When we first set up The SmartStream Reference Data Utility (RDU) with three top tier banks (Goldman Sachs, JP Morgan and Morgan Stanley) it was a real eye opener in terms of how the banks came together to share the value proposition with a vendor. They pretty much drove the roadmap for the reference data business in terms of what it delivered, the asset classes services to be covered, how to raise the profile of SmartStream RDU and the required investments in the expertise. Their input was invaluable. What we found is that often they did not necessarily want to reinvent the wheel but wanted standardised solutions and processes that could leverage economies of scale.

Big data has become a major theme over the past ten years. What have been some of the biggest challenges?

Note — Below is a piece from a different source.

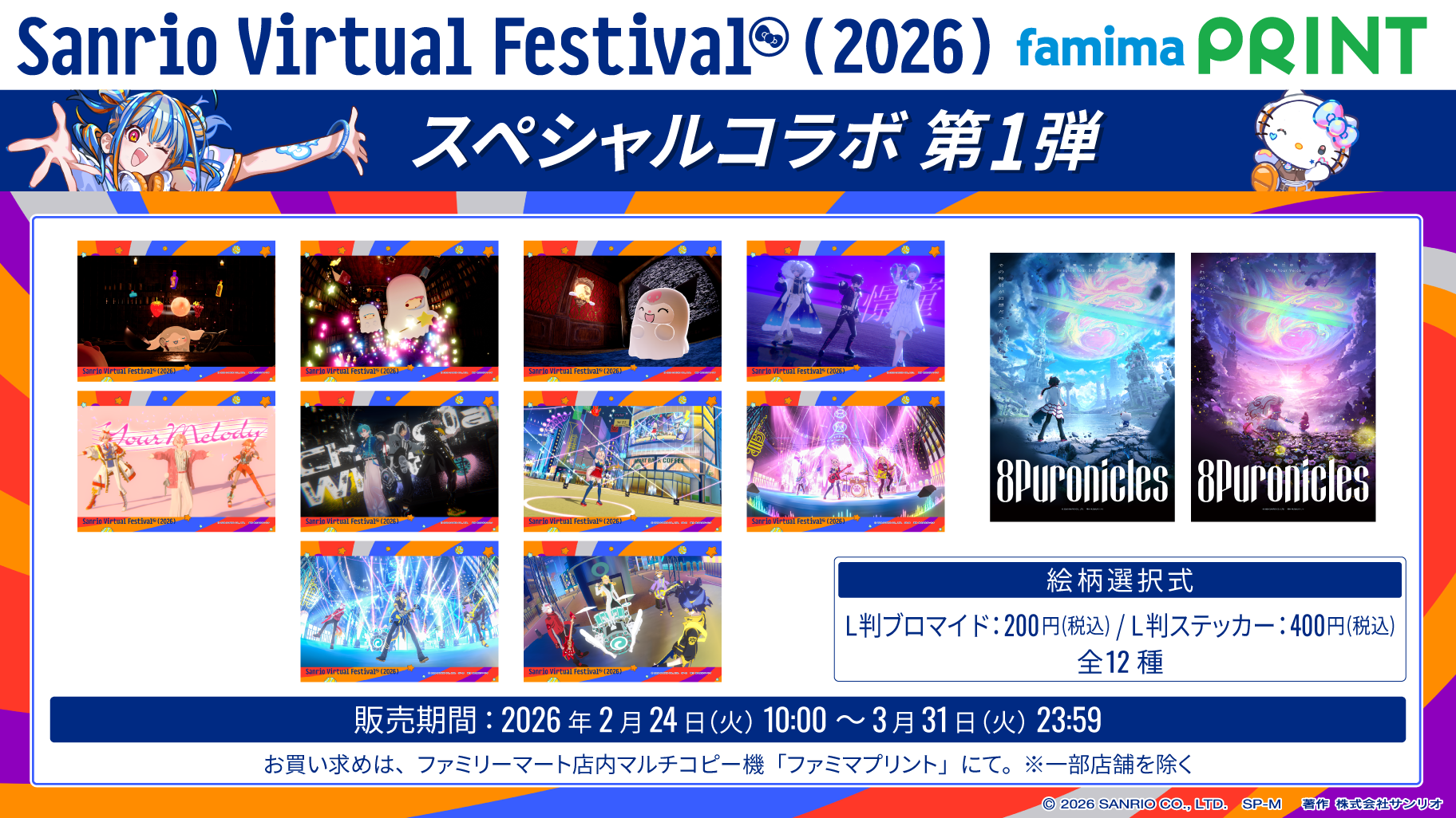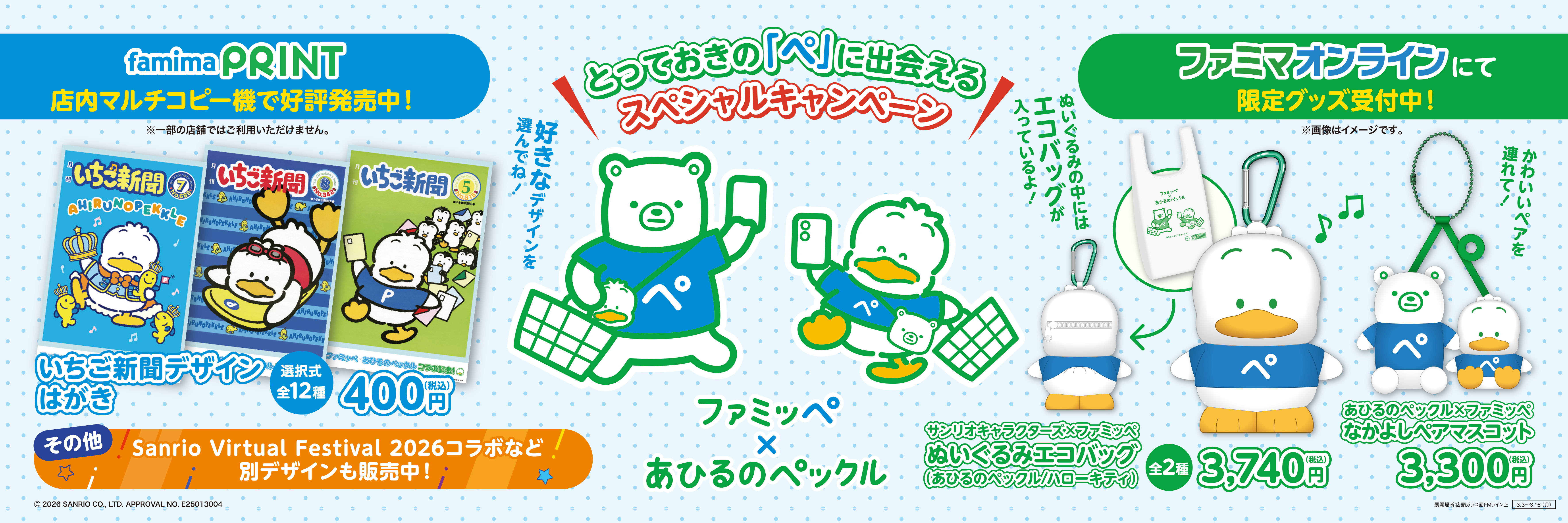 期間中、店内マルチコピー機サービス「ファミマプリント」にて、ファミッペ×あひるのペックルコラボ記念のステッカーや、Sanrio Virtual Festival 2026とのスペシャルコラボをしたブロマイドなどを販売いたします。

The wealth of information going through financial institutions continues to grow in tandem with the advances and spread of technology. The ability to make sense of the data was originally perceived as a ‘nice to have’ by many institutions and was mainly driven by the rollout of CRM systems and the desire to better serve clients. This soon evolved to be an existential prerogative for many financial institutions. Today, the ability to understand and leverage big data is critical to any bank’s ability to preserve its competitive advantage, understand its clients’ needs, and address risk management and regulatory and operating requirements. The importance of reliable and clean data is paramount to any financial institution. High quality data is also a prerequisite for any institution wishing to leverage Artificial Intelligence.

It may have started out as hype with several initiatives that did not have real life uses but that is changing. AI is heavily dependent on the data coming in and while in the past, some banks were hesitant releasing their data there is a realisation they need to contribute if they want to benefit from AI. This will require a retooling of the skillsets of financial services and will have a massive impact on the overall educational system in terms of offering courses on these subjects.

How have these trends impacted SmartStream?

Our solutions have naturally evolved over the years to handle the greater processing powers and the transaction volumes at financial institutions. This evolution resulted in our solutions’ ability to analyse and reconcile millions of transactions a day, to seamlessly identify exceptions, and to disseminate the required information to its users. Our new Artificial Intelligence offerings, will further enhance our solutions’ abilities to address the above, and provide the machine learning capabilities that would flag data anomalies, and learn what mitigating actions users undertake.

How do you see the industry developing in the future?

I was at a conference recently and there was a great deal of buzz about several new initiatives. When you see a seasoned banker talking to a 24 year old entrepreneur it is a good indication of how things have changed over the past ten years. While I suspect a lot of these initiatives might wither away over the coming few years for one reason or another, I do believe that the industry should have a responsibility towards mentoring and nurturing the disrupters. Funding innovation is important, but it is not necessarily more important than supporting entrepreneurs in gaining access to new markets, developing their skill sets, or giving them advice on operational challenges. We work with Overall, I think we will see new and disruptive technology that will continue to fundamentally change the way we work. I wish I had a crystal ball but I am very optimistic about the future.